でも、3分意識がなくて、そこから救急車が来ても、間に合うんだろうか。笑
迷走神経反射は人によってきっかけが違う
同じ迷走神経反射でも、きっかけになる刺激は人によって違うらしい。採血が苦手な人、長時間立っていると起きる人、人混みがきっかけになる人もいる。
私は採血は平気で、強い痛みで意識を失うタイプ。同じ病名でも、誘発因子は人それぞれだ。
まとめ
- 迷走神経反射は、強い痛みやストレスで心拍数・血圧が急激に下がる生理反応
- 私は痛みを伴う場面(背中の激痛、腹痛、怪我、肩もみ)で繰り返し意識を失ってきた
- 19歳のとき、脳波まで調べて「過呼吸」と診断されたが、今思えば迷走神経反射だったのかもしれない
- 若いうちは問診だけで診断されることも多く、詳しい検査で初めてわかることもある
- 同じ迷走神経反射でも、きっかけになる刺激は人によって違う
過呼吸だったのか、迷走神経反射だったのか、正確なところは今もわからない。でも振り返ってみると、「強い痛みや精神的ショックで、体が過剰に反応する」という一本の筋は、20年間ずっと変わっていなかったんだと思う。

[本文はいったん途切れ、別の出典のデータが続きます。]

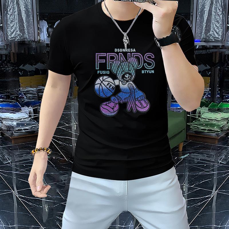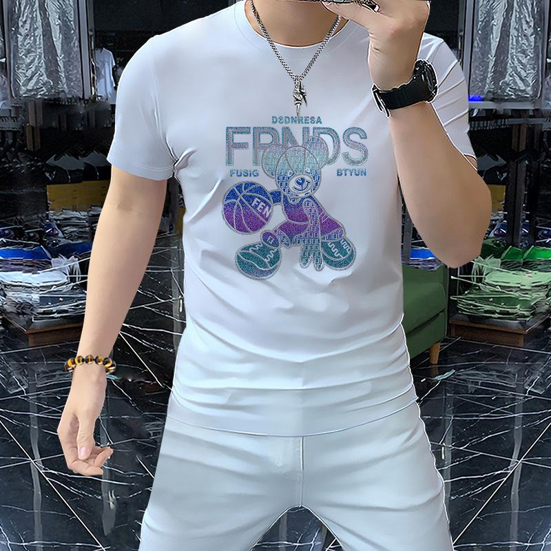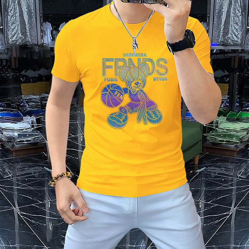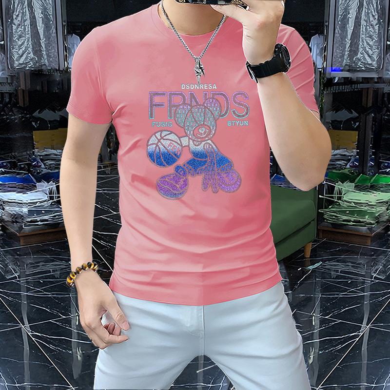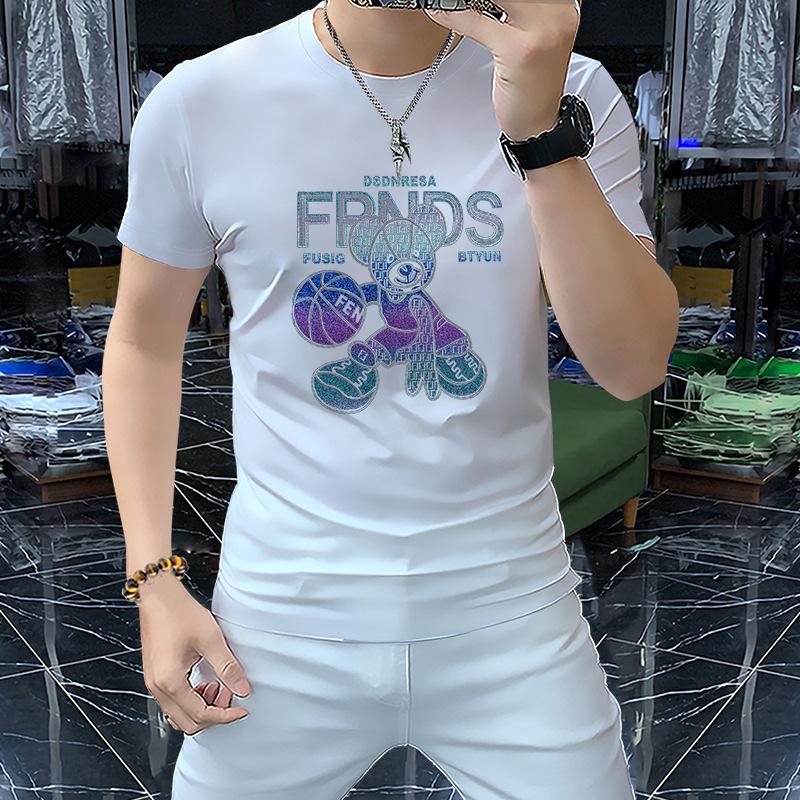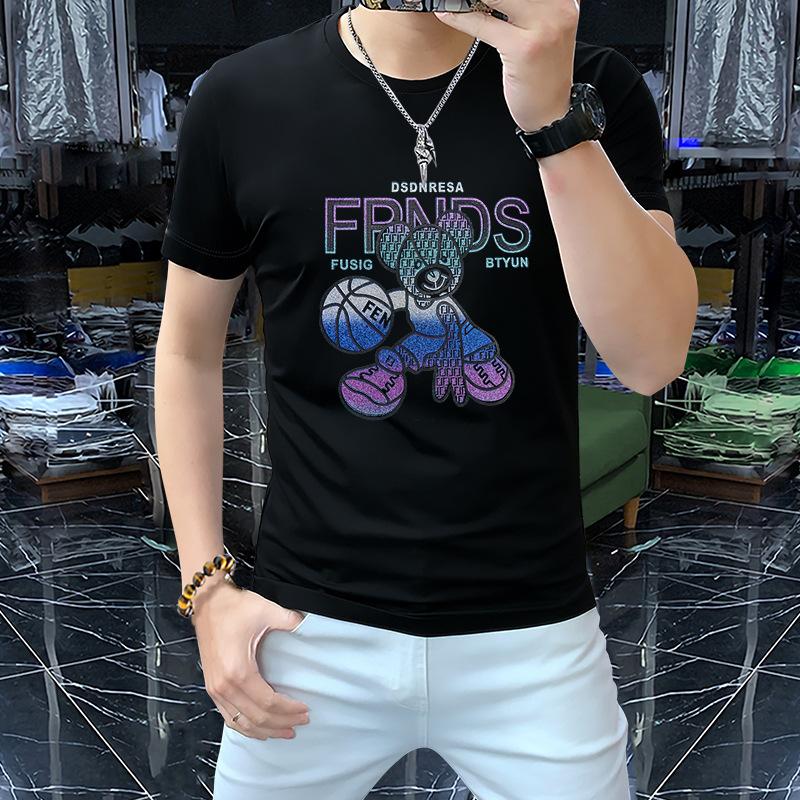 Camiseta de manga corta para hombre, de algodón mercerizado, cómoda y transpirable, de media manga, estilo europeo, de cuello redondo y corte entallado, para verano.
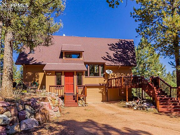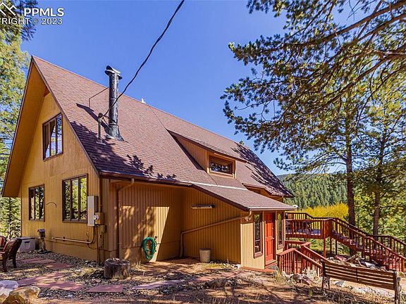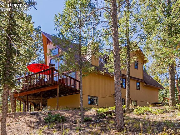 You’ll feel at one with nature! This chalet-style home has been cherished by its long-time owners, and pride of ownership really shines through. You'll be smitten with the beautiful drive to the home right now while the aspens are changing! Highlights include a stunning wall-of-windows that provide year-round scenery, vaulted TNG ceiling, a spacious Master Suite, a Loft, an oversized Garage, basement workshop, and a truly amazing deck from which to enjoy your outdoor living space. The Kitchen has been updated with granite counters, a high-efficiency induction range, ceramic tile flooring, oak cabinetry, and a look-through window to the Living Room. The wall of windows faces east for sunny mornings that let in gorgeous natural light. The open-concept Living Room gives that airy feel with its vaulted ceilings leading your eyes up to the Loft. The woodstove is set in natural stone hearth and surround, ensuring cozy, warm winters. The Primary Bedroom Suite has an adjoining bath, 2 closet options, and plenty of space for furniture. The Basement is waiting for you to finish and make it all your own! There is a bonus Hobby Room, a workshop space, Laundry, and huge storage area. New furnace and new 200-amp electric service panel installed in 2022. The oversized 1-car Garage has extra side space for motorcycle, bicycles, snowplow, or ATV. You might want to spend all your time on the deck, the back patio, or just walking around your private acreage…either way, it is time well spent! Moose, deer, elk, turkey, fox, birds, and squirrels all love it, too! Ridgewood is located 13 miles north of Woodland Park not far from Manitou Lake. This area is well known for its beauty and outdoor recreation. Nearby Manitou Lake is stocked for fishing, there are hiking, biking, horse, and snowshoe trails all around, and world-class fly-fishing and rock climbing are just down the road. This home checks all the boxes! Take a short drive and see this beautiful home for yourself!
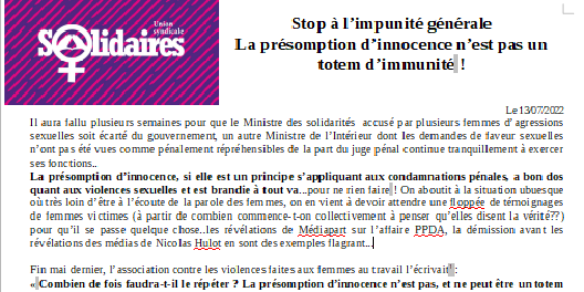 - Pour le Conseil d’Etat, toujours pas de violation du principe de présomption d’innocence dans le cas d’un fonctionnaire sanctionné avant que le juge pénal ne se soit prononcé3. Idem en cas de révocation d’un élu4- La Cour de cassation valide la condamnation d’un employeur pour harcèlement sexuel alors que le salarié mis en cause a été relaxé des mêmes faits5. Il est temps d’écouter la parole des femmes ! Les agresseurs sexuels doivent être suspendus, démissionnés ! Solidaires continuera sa lutte contre les violences sexistes et sexuelles
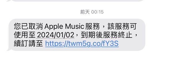 12/12凌晨傻眼進線給台灣大哥大客服 客服表示會再幫我向上呈報 在電話結束之後 收到台灣大哥大的簡訊 表示Apple music已取消 https://i.imgur.com/LgtFqTj.jpg
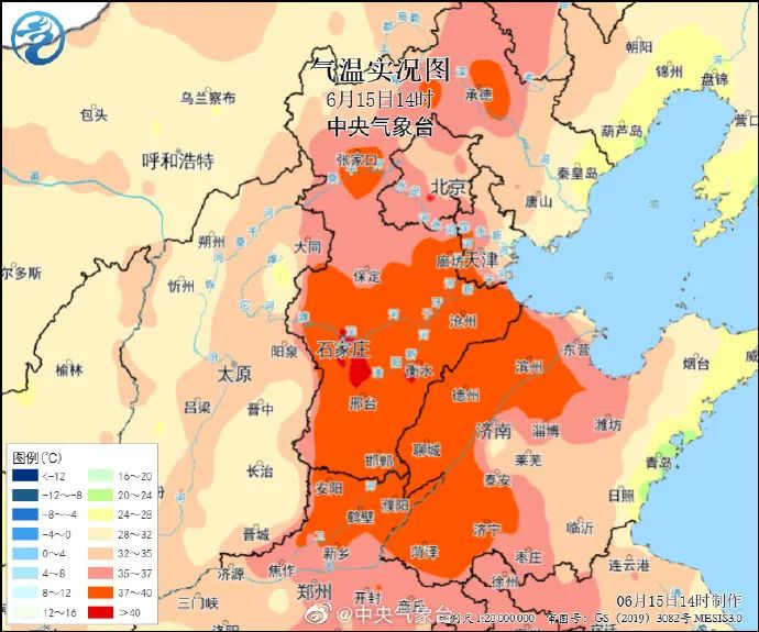 答:6月14日以来,华北、黄淮及内蒙古东南部等地出现日最高气温35℃以上的高温天气。截至6月15日数据,河北石家庄、邢台、衡水、承德、沧州、保定和山东德州、济宁等局地出现40℃至41.7℃高温天气;北京、河北4个国家站日最高气温突破6月极值。
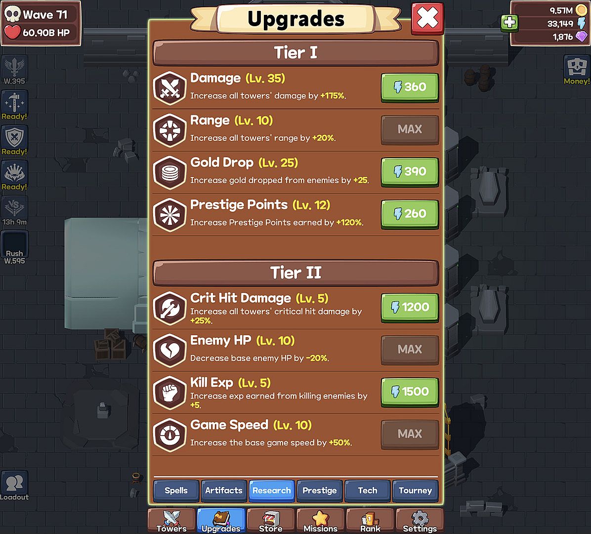 • Discover countless upgrades, research, spells, artifacts, technology, and more to level up with a variety of different resources.
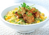 Κοτόπουλο αλειμμένο με μείγμα μουσταρδάς, μαρμελάδας και κυμίνου, συνοδεία κουσκούς και μάνγκο, έτοιμο σε μόλις 25΄.. Δεν ξέρεις τι χάνεις αν δεν το δοκιμάσεις!
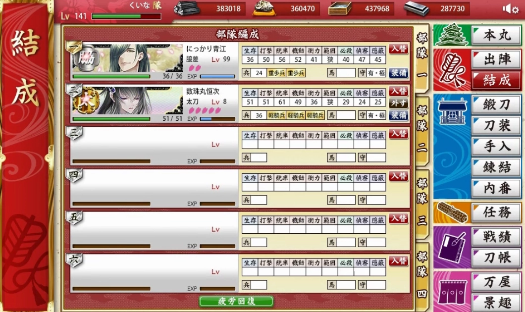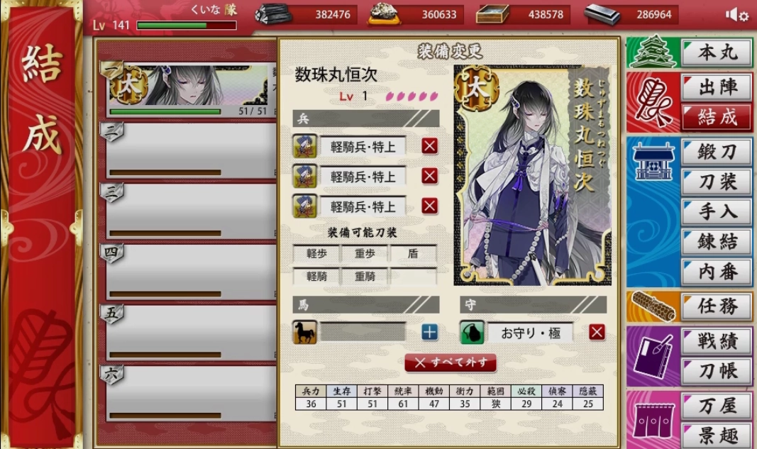 玩家获得数珠丸恒次后,首要任务是提升它的等级。等级较低时数珠丸可以编入高等级队伍中获取经验,要是玩家在参与活动,也能将数珠丸放在队伍末尾一同参与活动来升级。
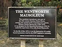 - 1 2 3 4 5 6 "Wentworth Mausoleum and site". New South Wales State Heritage Register. Department of Planning & Environment. H00622. Retrieved 2 June 2018.

繰り返す失神や、原因のわからない体調不良がある人は、一度病院で詳しく調べてもらうことをおすすめする。受診先は循環器内科が基本だけど、脳血管性の失神が疑われる場合は脳神経内科・脳神経外科が専門になることもある。まずはかかりつけ医に相談してみるのもいい。20年越しにわかることもある。
⚠️ この記事は私の個人的な体験をもとにしたものです。医療アドバイスではありません。繰り返す失神や意識消失がある場合は、必ず医療機関を受診してください。